O jornal O Globo avança que o pedido de detenção do ex-Presidente José Sarney, do líder do Senado, Renan Calheiros, e do senador Romero Jucá foi feito "há pelo menos uma semana" pelo procurador-geral, Rodrigo Janot, ao Supremo Tribunal Federal — a notícia só foi conhecida esta terça-feira e o processo está a ser analisado pelo juiz Teori Zavascki.» [Público]
   
Parecer:

Quando a suspensão da Dilma terminar é bem provável que nem o presidente interino, nem nenhum dos seus apoiantes e membros do governo vão estar cá fora para rir.
   
Despacho do Director-Geral do Palheiro: «Sorria-se.»

 O "Patino", partido do Tino?
   
«O candidato das últimas eleições presidenciais Vitorino Silva, conhecido por “Tino de Rans”, vai formar um partido político e referendar o seu nome numa viagem de 24 horas pelo país no próximo dia 10 de junho.

A sigla do partido será sempre PA, relativa a “Povo Acordado” ou a “Partido Ânimo”, uma escolha que o antigo candidato à presidência da República vai deixar a quem deposite um voto numa urna que vai levar – num carrinho de mão – do Algarve a Trás-os-Montes em pleno Dia de Portugal e das Comunidades.

“Vou percorrer 18 distritos num só dia”, garantiu Vitorino Silva à agência Lusa, lamentando que se resumam a Portugal continental, mas ressalvando que a votação poderá ser feita também na internet.» [Observador]
   
Parecer:

O rapaz faz render a "fama".
   
Despacho do Director-Geral do Palheiro: «Sorria-se.»

 Comissão Europeia mete-se onde não é chamada
   
«O comissário europeu para os Assuntos Económicos, Pierre Moscovici, considerou esta quarta-feira que será "extremamente difícil" para a União Europeia "trabalhar com uma administração Trump", se o provável candidato republicano às presidenciais norte-americanas ganhar as eleições em novembro.

"A Comissão Europeia não tomou posição" em relação à candidata à nomeação democrata Hillary Clinton e a Donald Trump, disse Moscovici, numa entrevista a meios de comunicação social franceses.

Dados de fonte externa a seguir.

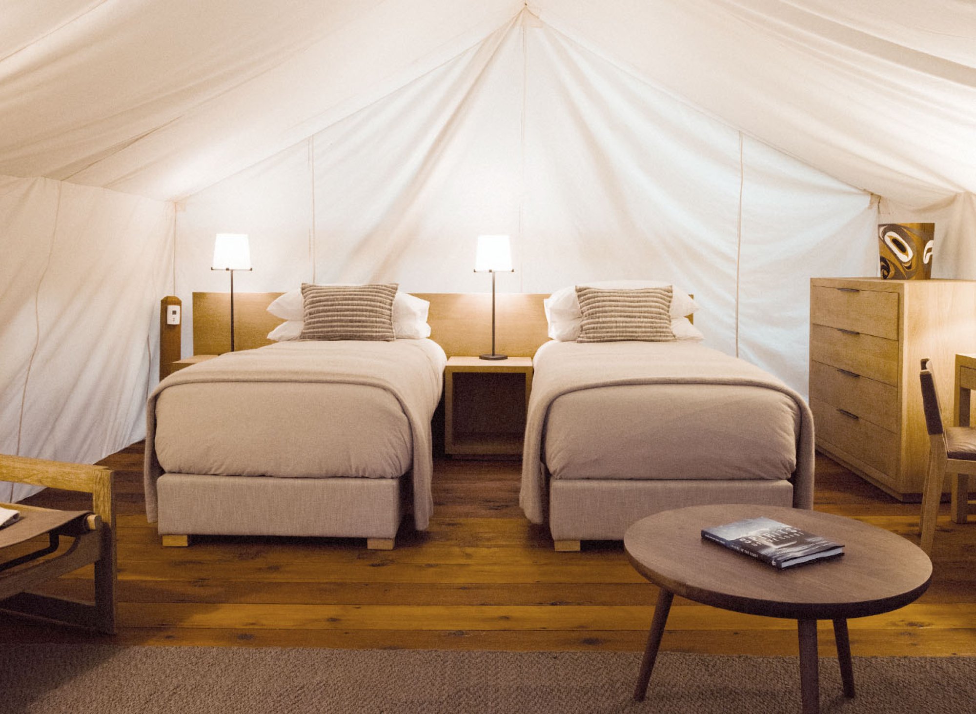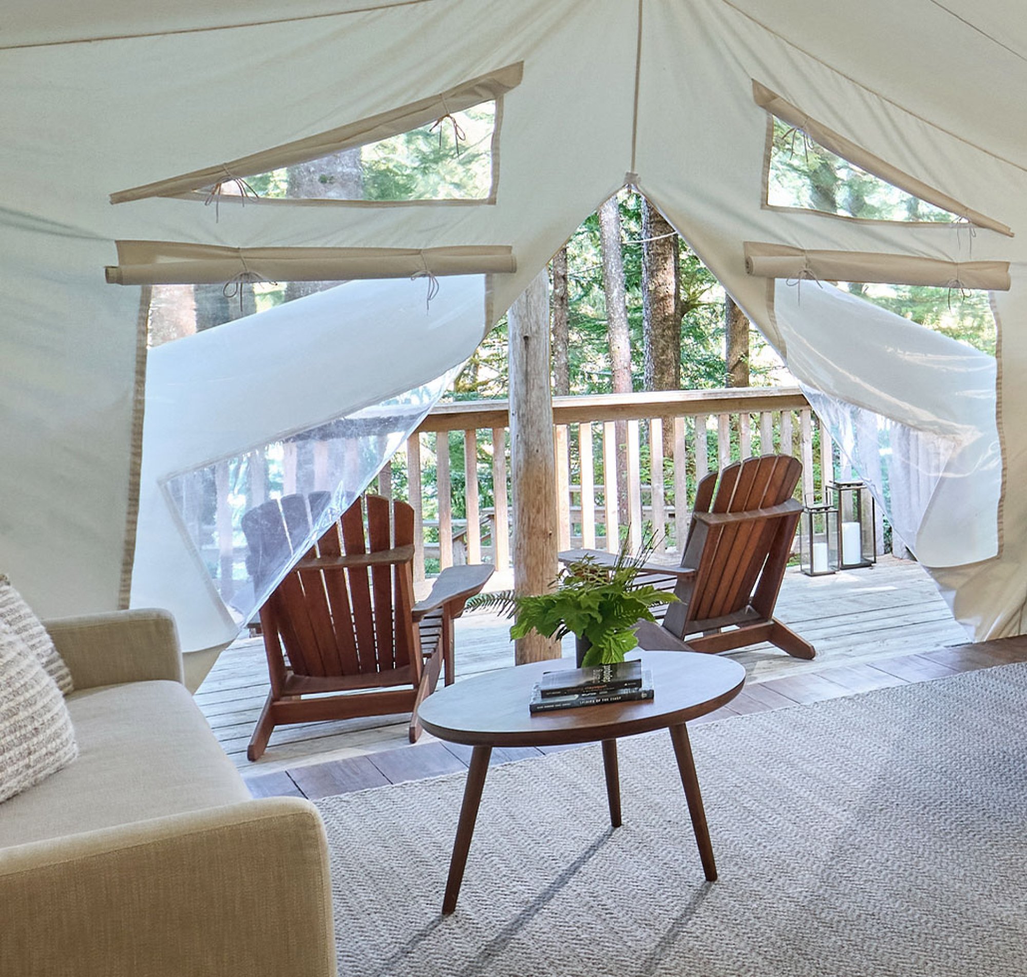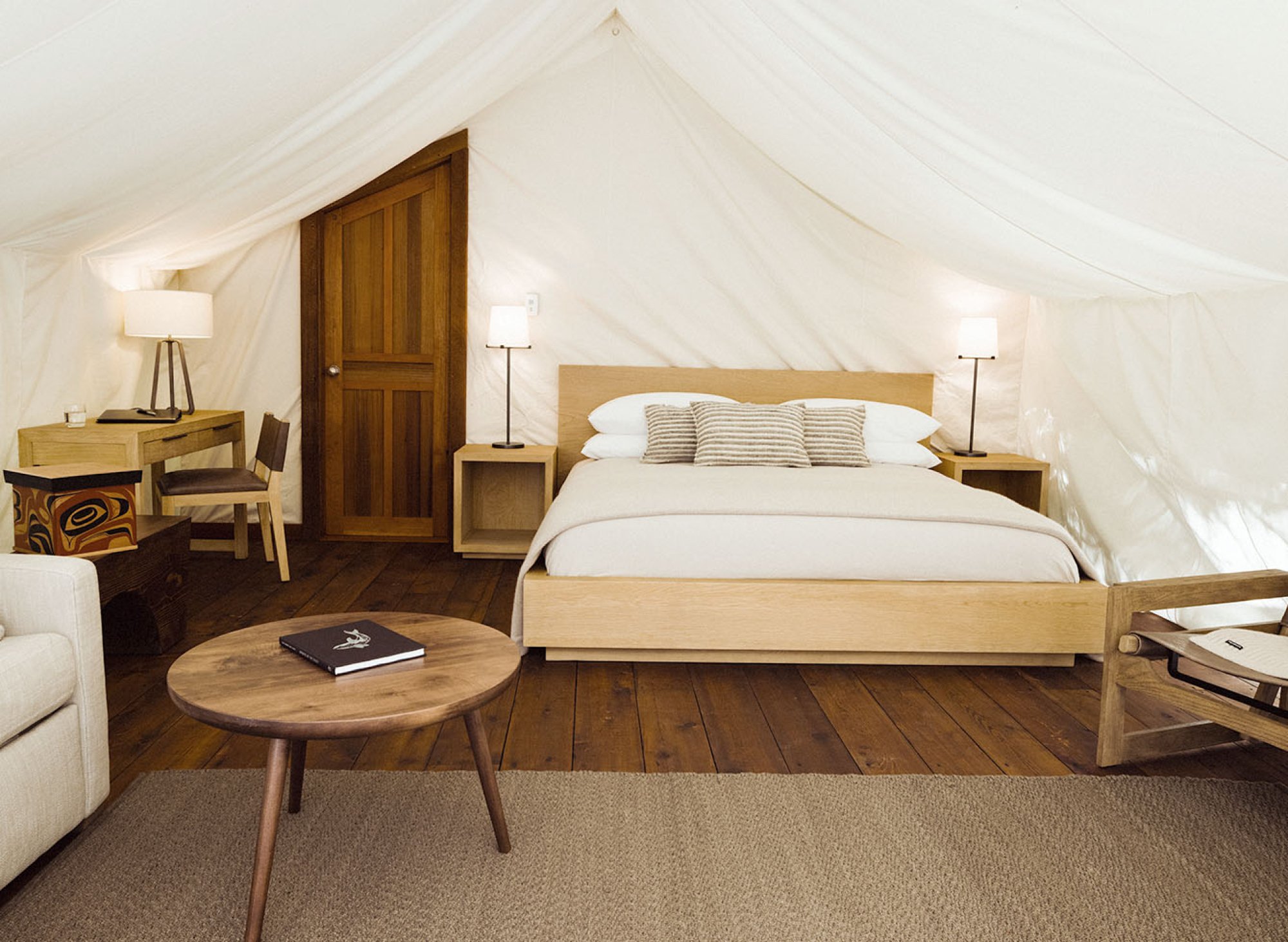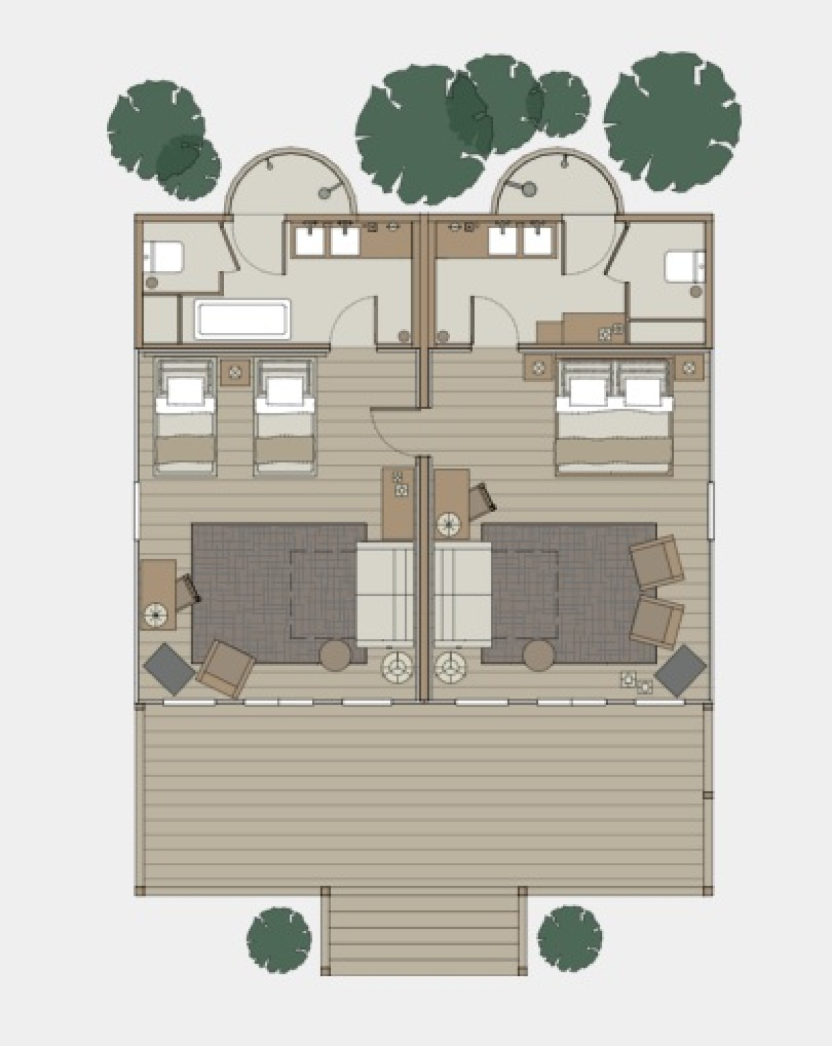 Pro rodiny či skupiny přátel, které potřebují více prostoru, jsou k dispozici tyto propojené stany (115 m2), umístěné vysoko na kopci uprostřed bujného deštného pralesa. Sdílená terasa s pohodlným posezením je jako stvořená k nerušené relaxaci či obdivování výhledů na okolní přírodu a zátoku Clayoquot Sound. Každý stan nabízí svůj vlastní otevřený obývací prostor s pohodlnou rozkládací pohovkou, manželskou postelí (nebo dvěma samostatnými lůžky) a křesílky umístěnými u litinových kamen. K dispozici jsou dvě koupelny uvnitř stanů, vybavené vyhřívanými podlahami, dvěma umyvadly a soukromou venkovní sprchou obloženou cedrovým dřevem. Jedna z koupelen navíc disponuje vanou – ideální pro relaxační koupel po pěší túře. Maximální kapacita: 4 dospělí a 4 děti.

Mas questionado sobre se Bruxelas têm preferência por algum dos dois, o comissário europeu respondeu: "Sim, porque quando vejo Donald Trump, vejo a figura de um populista, vejo declarações que são criticadas por membros do Partido Republicano - e não pouco importantes, creio que o presidente da Câmara dos Representantes, Paul Ryan, disse que ele tinha feito declarações racistas ao falar de um juiz de origem mexicana -, vejo propostas que são antieuropeias, vejo propostas protecionistas".» [DN]
   
Parecer:

Goste-se ou não de Trump esta posição da Comissão é inaceitável e revela que na Europa Há gente que ainda não sabe o que é a democracia. O comissário ideiota parece não perceber que as eleições americanas não são o referendo na Escócia ou o Brexit e que não há um único americano que preste atenção às suas patacoadas.
   
Despacho do Director-Geral do Palheiro: «Mande-se o senhor comissário ter tento na língua.»